The cover is made up of three pieces: the top (which slants down and hangs over the front) and two side pieces. I first laid my fabric over the top and measured how wide it needed to be and how far down I wanted it to go (make sure you add extra for seam allowances). The petals that hang down are part of this top fabric. The fold you see is not a seam. It’s all one long piece of fabric that drapes over the front and hangs over. I pressed it when I was done to create that line where it lays over the dowel.
To make the petals, I traced the edge of the fabric using a bowl or cup so that they all had the same arc. Then I cut a matching amount of white fabric to go underneath (I used white because it was cheaper and had I used stripes, they would have shown through creating a nightmare for matching it all up. So, just use white cotton). This step was necessary to make the curved edges of the petals look polished when sewn.
Here’s another underneath shot.
With right sides of the fabric together, I sewed the matching Top pieces together, turned them right-side out and ironed it out.
Now this was the trickiest part of the whole thing….figuring out the side pieces. It wasn’t “hard” but I was crossing my fingers the whole time; hoping that I measured correctly.
Since we weren’t exact with our angles and I really didn’t feel like doing complicated math, I just laid my fabric over the top again with the stripes hanging vertically. Then (accounting for seam allowances all around) I took a pen and traced right down the slant of triangle below and on the edges as well. It wasn’t exact but it worked out pretty well.
I cut out matching white pieces to go underneath, sewed them similar to the Top piece, and then sewed the side pieces to the top. And….I hung it on! I used double-sided tape in a few spots to hold it in place on the skeleton but that was it. The cover is made to fit and really just hangs by itself over the wooden frame.

* For added charm, you might attach some very small lights underneath, near the wooden frame to make it feel even more like a marketplace shop. But, we’ll save that for another time.

And there you go! Sorry no measurements or dimensions. But hopefully you’re armed to tackle the project yourself. It really adds a sunshine personality to the room.

  1. 1) Amber

    I’m curious about the bins you’re using. What is it and where did you find it? Thank you so much!

    • 2) Dana

      I found it at a thrift store. I think it’s from Brookstone though.
      Sorry I don’t have better info!

      • 4) Deborah Obrien

        I made one for my grandkids. The bins are the same. Picked up at a yard sale, but they are Pottery Barn.

  2. 5) Connie

    This is adorable! I am thinking of doing it for my granddaughter’s playhouse. How much striped fabric did you use? What width?

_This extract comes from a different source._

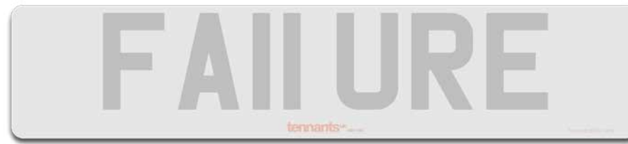
15. Non legal badges and the use of copyrighted images ❌

  3. Would you be interested in making me one if I gave you the measurements I need? How much would you charge?

  4. 7) Tad

    Hey Dana-thanks for the step by step instructions. Easy to make and perfect for what my wife wanted. She is very happy with her new awning. Just about $10 for the wood materials. Tad

  5. 8) Jackie

    Such a charming look and great directions. Would be cute in a kitchen too. Nice job!

  6. 9) Pat

    I think it’s phenomenal! My future mini roomboxes will need these. You are awesome!

  7. 10) Ellie

    I love this! I was looking all over the internet to find one that is pre-made and couldn’t find anything that comes even close to this! I’m a terrible sew-er, so I know I couldn’t make the top, even if I wanted to.
    Do you sell these?


    • 11) Dana

      Sorry I don’t sell actual items…I just share ideas!
      But maybe you could look on for either a pre-made awning….or for a sewer who will make one for you?
      I have no idea how that works, but it might be an option

      • 12) susan diemidio

        you could use a peice of tin

        • 13) Deborah Obrien

          Yes, or Home Depot sells corrugated roof materials, not expensive, easy to cut with a dremel cutting tool.. good luck

  8. 14) Sheryl

    You are so clever!!

  9. 16) Susan

    I’m extremely interested in the storage stand. Where can I either buy it or make one? It goes perfectly with the adorable awning. Please!!! Let me know.


    • 17) Dana

      I think it’s for organizing nuts and bolts?? Something you might get at Home Depot?
      But I found it at a Thrift store! Sorry I don’t have better info 🙂

  10. 18) JenK

    Thank you so much! I was trying to think of a simple and inexpensive way to make an awning for above my daughter’s closet…MY Lucy will have a little clothing boutique soon (if I get my act together). I found a pink and white oil cloth table cloth on summer clearance at Michael’s. It was just what I was looking for! Thanks again!

  11. 19) Tan

    I’ve been all over the web searching for awnings for a girls room and my daughter’s sweet 16 party! No luck at all! Thank you for this amazing diy! Love it! You’re a life saver????????

  12. 20) Linda Beber

    How much fabric did you use for your awning? I need to make one that is 6 ft long and 24 in deep.

  13. 21) Debbie

    I made an awning almost like that for my dogs

  14. 22) Goose

    I am so thrilled to find your tutorial! First found it pinned on pinterest. I’m doing a little coffee bar and wanted to give it a café feeling, and I was planning on doing a pvc frame but this looks easier and less cutting and less expensive. I don’t sew so I’m going to do felt for the lining with fusible web and a cute coffee themed fabric fused on top of the felt, thank you so much for the idea about the bowl/cup tracing for the petal edge, that’s awesome! and I’m going to do some little white lights inside! EEks! Can’t wait to get started on this!! Thanks again for sharing! I’ll blog my project and link to your blog!